Enter your answer in the box.
Answers
GPT-4o mini
To find the length of the rectangular prism, we can use the volume formula for a rectangular prism:
\[
\text{Volume} = \text{Height} \times \text{Width} \times \text{Length}
\]
We know the volume (104 cubic inches), height (2 inches), and width (4 inches).

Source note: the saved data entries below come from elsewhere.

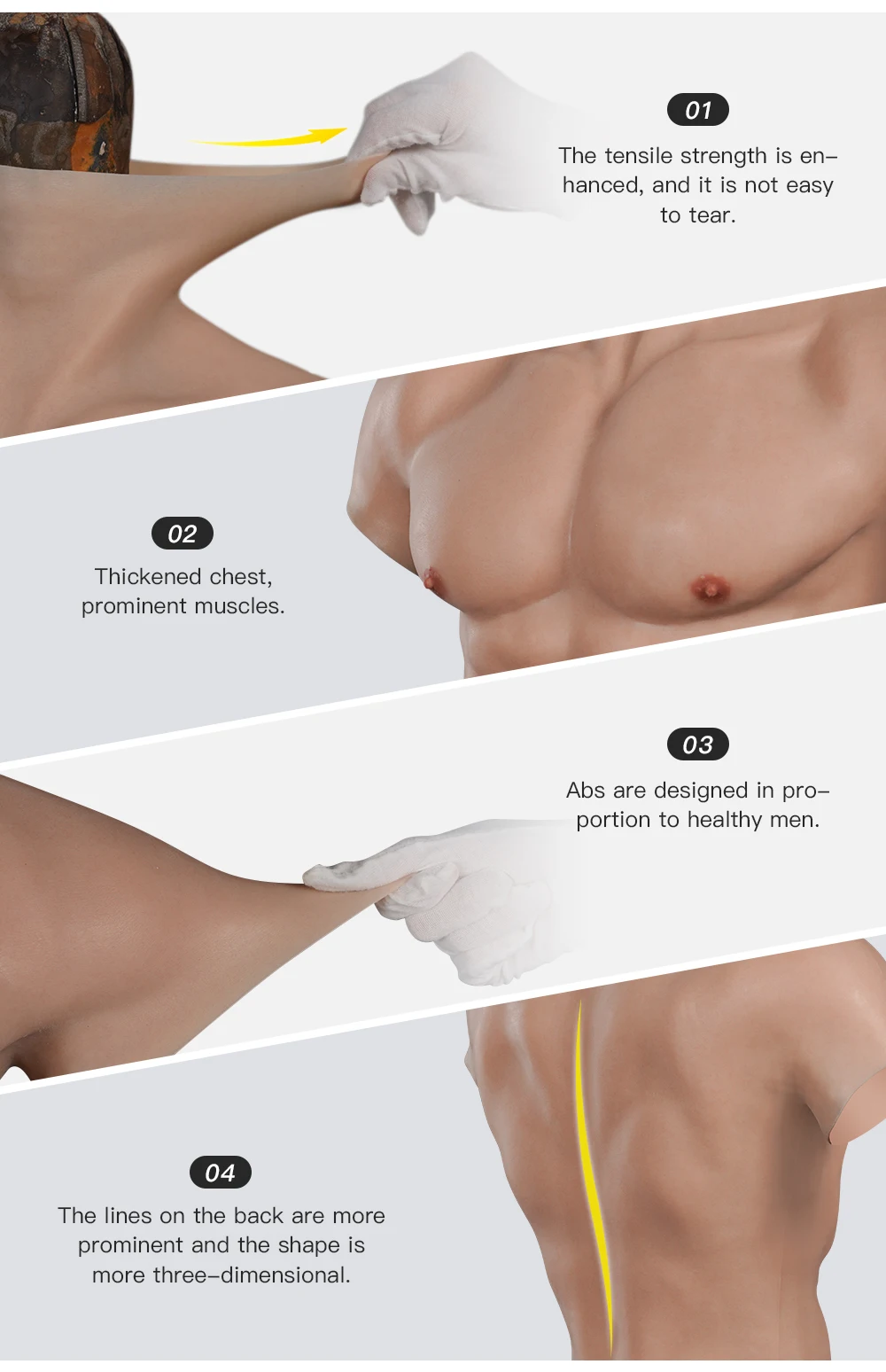 -Силиконовая искусственная грудная мышца: реалистичные кровеносные сосуды, могут улучшить мышцы груди, идеальную линию живота, ярко движется вместе с телом, обеспечивая идеальную посадку и комфорт.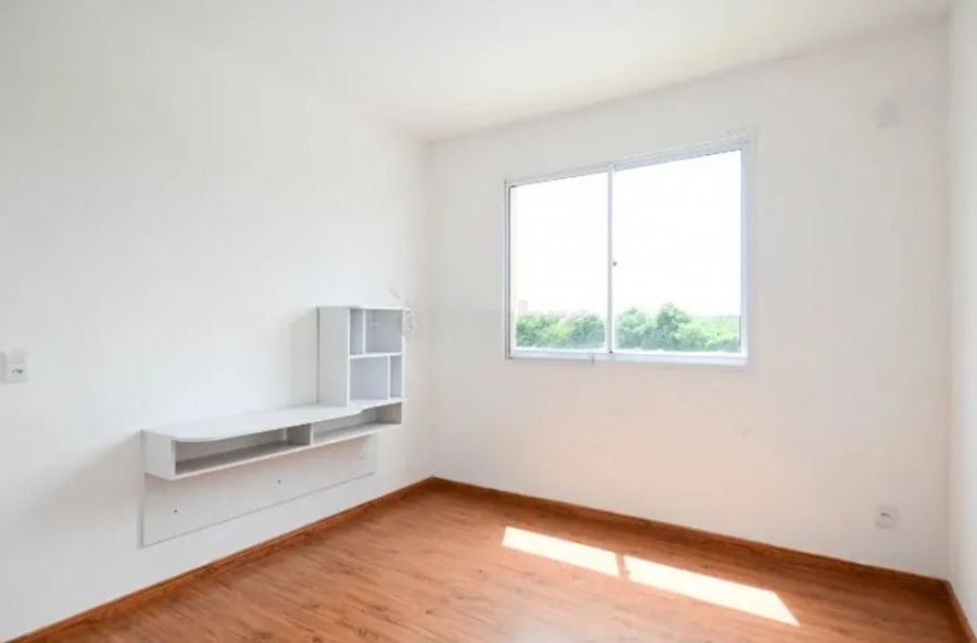 Distribuído em sala de estar, cozinha mobiliada com móveis planejados, banheiro equipado com box de vidro e dois dormitórios, sendo um semi mobiliado com cama box de solteiro e guarda-roupas.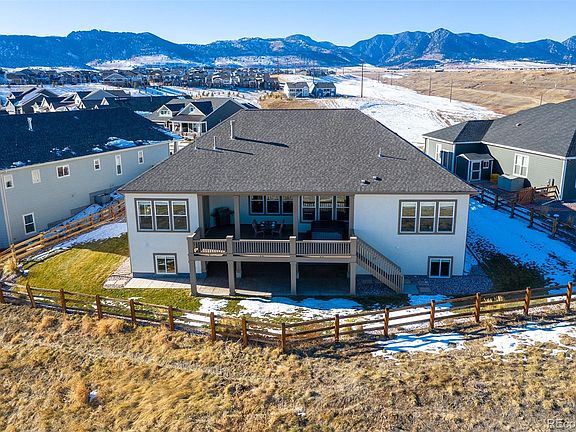 Unobstructed City Views, Mountain Views and Lake Views !!! This unique ultra-premium lot backs to open space with views of the city lights and Standley Lake, the front of the home also faces open space with a view of the Flatirons. 7 large bedrooms and 5.5 Bathrooms. This is a 6,300+ square foot semi-custom home in the Leyden Rock neighborhood that sits at the end of a private cul-de-sac, large lot, garden level fully-finished basement. Low maintenance stucco and stone exterior with security accent lighting, low maintenance yard, separate dog-run area, fully fenced, stamped concrete and large private deck with an Artesian South Seas double lounger spa. Enjoy watching the sun and moon rising from the back deck and sunsets from the front patio. Oversized 3-car sideload garage with 8' garage doors, and side mount openers so you have plenty of room for car lifts or extra storage. Modern Rustic Mountain Chalet Décor, glazed knotty Alder cabinets and wood floors, granite throughout, Lyon pattern Travertine entryway, crown molding, open floor plan. The GRAND master suite opens to the large deck. Numerous upgrades throughout including a luxurious master bath with over-sized shower with mountain views and freestanding tub. The Master and Second master suites on the main level have private views to the east. Bedrooms have double and/or walk-in closets. Separate owner's entry and butler's pantry. The kitchen has a hammered copper farm sink, large pantry, professional grade appliances, beverage fridge and powder room. Large recreation room with a full tavern bar in the lower level. Thermal black-out roman shades on all of the bedroom windows. Energy efficient heating and air conditioning is zoned for each level and a fast recovery hot water heater that never leaves you standing in the cold. Enjoy the privacy and views with all the luxuries of a planned community. Close commute to Denver/Boulder.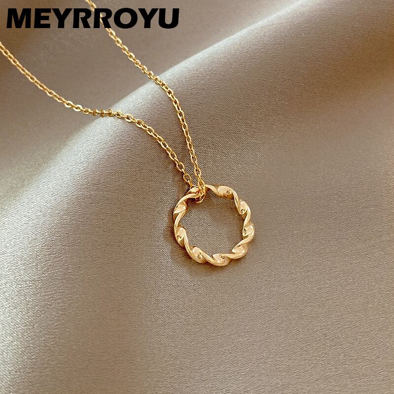 送料無料 MEYRROYUステンレススチールシンプルツイストサークルネックレス女性幾何学レトロトレンドペンダントネックチェーンジュエリーアクセサリー レース アクセサリー AE001144906081958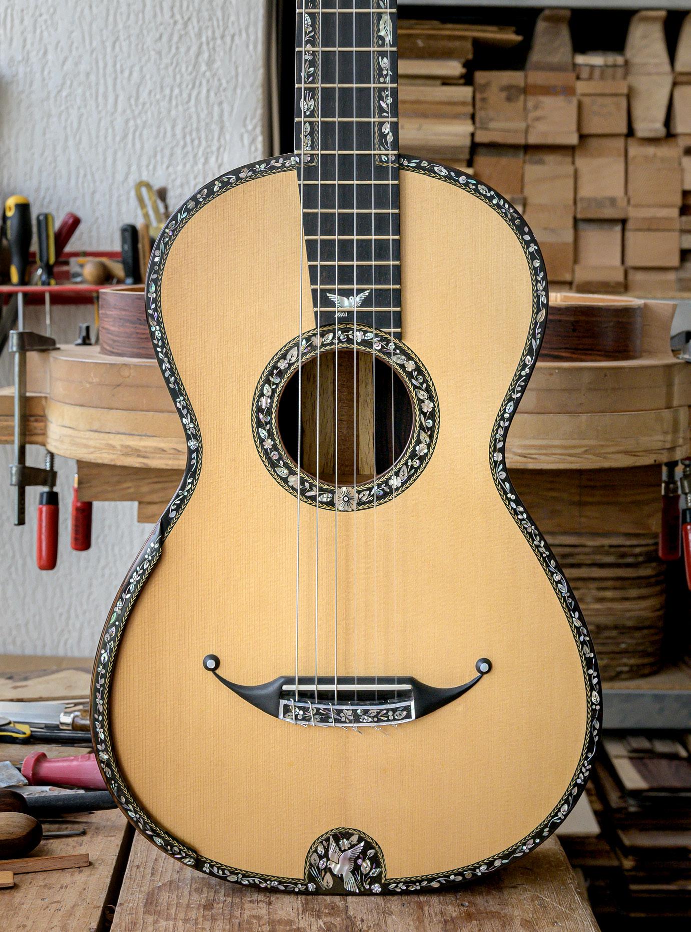 Incluso para facilitar el uso, a la última que hice le agregué un reposabrazo y un puente con doce agujeros. Son como interpretaciones modernas de la guitarra romántica.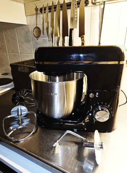 Den ska agera komplement till trotjönaren Kenwood från 70-talet. Den är ju stationerad i Gula Huset, och det är ju där jag, oftast, bakar. Men det händer, nån gång, att det ska göras en deg även på hemmaplan. Typ om en pizzadeg ska vara färdigt kalljäst till fredagkväll. Eller om jag fått för mig att baka ett bröd inför helgen. Eller när degen till morgonpepparkakorna ska hinna ligga till sig ett par dygn. Såna gånger har jag fårt göra degen förhand. Nu har jag en assistent även hemma.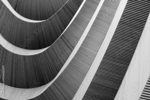 Abstract Architectural Detail of Curved Wooden Slats Creating Modern Rhythmic Patterns in Black and White
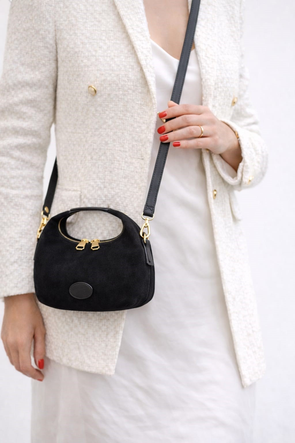 %100 Hakiki deri süetten üretilmiş,yumuşak dokusu ve modern formu ile öne çıkan özel bir tasarımdır.Doğal ve açık tonlu altın sarısı metal aksesuarları,çantaya sade zarif bir görünüm kazandırır.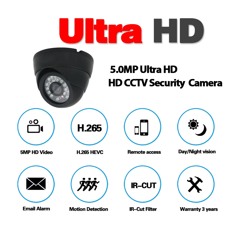 Review Super 5MP AHD Black Camera 24pcs IR LED 2560(H)*1920(V) With IR CUT Filter Day & Night Surveillance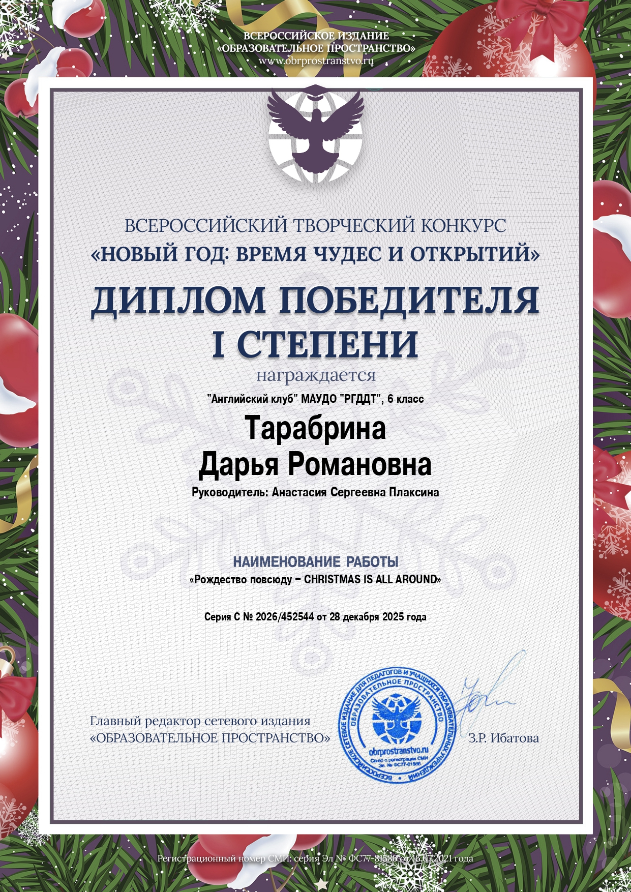 Во Всероссийском творческом конкурсе «Новый год – время чудес и открытий» с работой «Рождество повсюду» обладателем диплома I степени стала Тарабрина Дарья.

We can rearrange the formula to solve for the length:
\[
\text{Length} = \frac{\text{Volume}}{\text{Height} \times \text{Width}}
\]
Now, substitute the values:
\[
\text{Length} = \frac{104}{2 \times 4}
\]
Calculating the denominator:
\[
2 \times 4 = 8
\]
Now substitute back into the equation:
\[
\text{Length} = \frac{104}{8} = 13
\]
Thus, the length of the prism is \( \boxed{13} \) inches.
\[
\text{Volume} = \text{Height} \times \text{Width} \times \text{Length}
\]
We know the volume (104 cubic inches), height (2 inches), and width (4 inches). We can rearrange the formula to solve for the length:
\[
\text{Length} = \frac{\text{Volume}}{\text{Height} \times \text{Width}}
\]
Now, substitute the values:
\[
\text{Length} = \frac{104}{2 \times 4}
\]
Calculating the denominator:
\[
2 \times 4 = 8
\]
Now substitute back into the equation:
\[
\text{Length} = \frac{104}{8} = 13
\]
Thus, the length of the prism is \( \boxed{13} \) inches.